Finding the volume obtained of a curve after revolving it around $y=-2$, using Mathematica gives $$V=\pi \int_{0}^{2} \left(4+x^{2} \right)^{2}dx=\dfrac{896 \pi }{15}$$ However, in the solution manual it is, $$R=x^{2}+2-(-2)=x^{2}+4$$ $$r=0-(-2)=2$$ $$V=\pi \int_{0}^{2} \left[(x^{2}+4)^{2} -2^{2} \right]dx=\dfrac{776\pi}{15}$$
I don't understand why did Mathematica take only the outer radius? I am confused now to which one is correct.

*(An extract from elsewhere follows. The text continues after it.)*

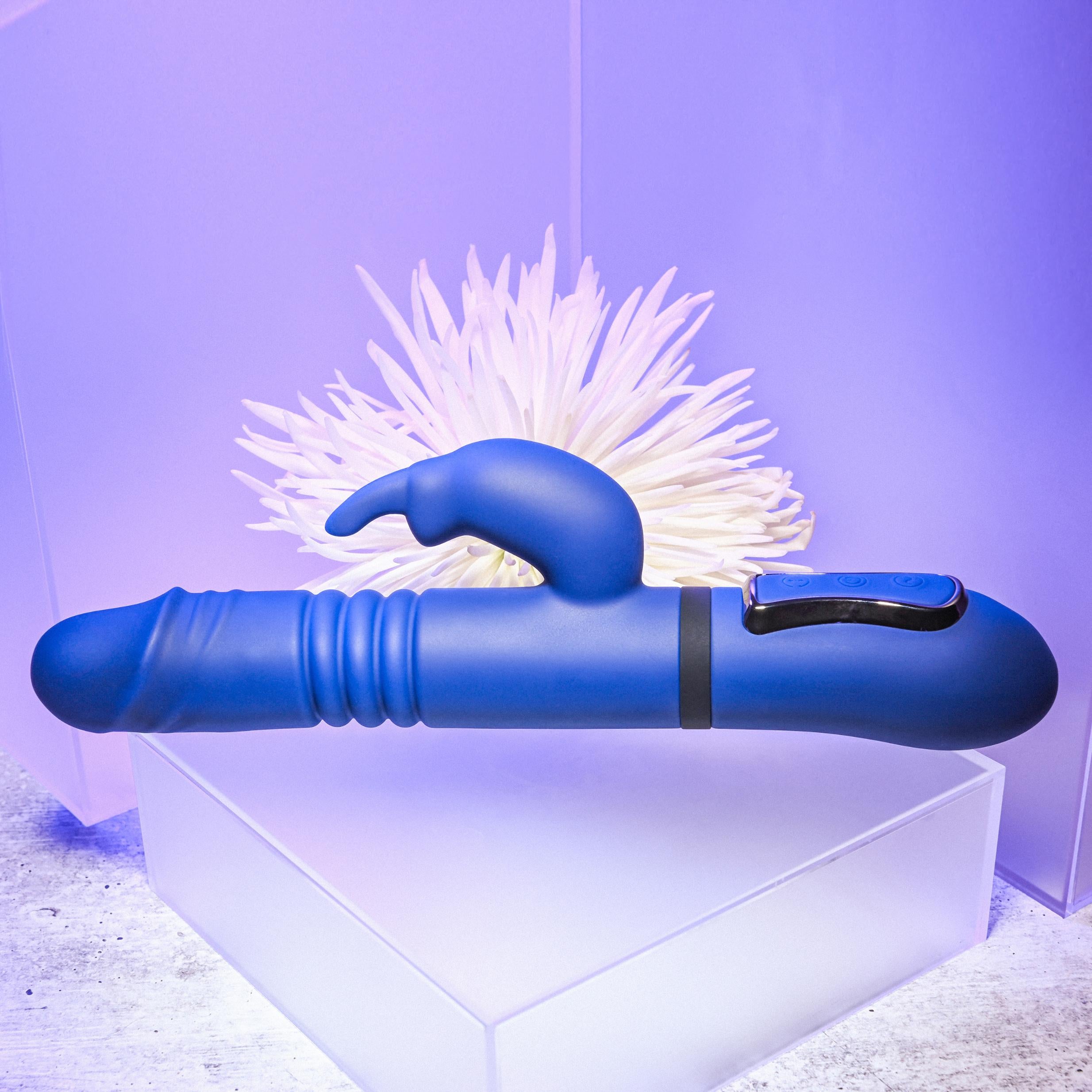 This tall, smooth rabbit vibe is ready to thrust all night! With a supple, textured tip and an accordion center that stretches in and out, you'll be amazed at the look and feel of the powerful thrust function. But this large fully submersible shape has a few more secrets up its sleeve - a powerful rabbit shaft whose bunny ears just won't quit, and rotating beads in the shaft that churn and spin with an erotic rhythm perfect for any massage! Between the thrusting, rotating and powerful vibrations, you'll be headed for a mind- melting experience in no time, especially with the ergonomic controls that let you customize as you go. Fully rechargeable and easy to clean!

Your radius is $y$, since you are rotating around the $x$-axis (y=0), right?. It is sufficient to compute \begin{eqnarray} V &=& \pi \int_0^2 y(x)^2 \,dx \\ &=& \pi \int_0^2 (x^2+2)^2 \,dx \\ &=& \pi \left(\frac{1}{5}2^5 + \frac{2}{3}2^3 + 2 \cdot2\right)\\ &=& \pi \frac{96 + 90 + 60}{15} \\ &=& \pi \frac{246}{15} \\ \end{eqnarray} Am I understanding you correctly?
Edit:
If it revolves about the line $y=-2$, you need to add the volume of the additionally created cylinder with radius $r = 2$ and height $h = 4$ ($V_C = \pi r^2h = 16 \pi$). This yields a total volume of \begin{eqnarray} V_{tot}&=& \pi\left(\frac{246}{15}+16\right) = \pi\left(\frac{246+240}{15}\right) =\pi\frac{486}{15} \end{eqnarray}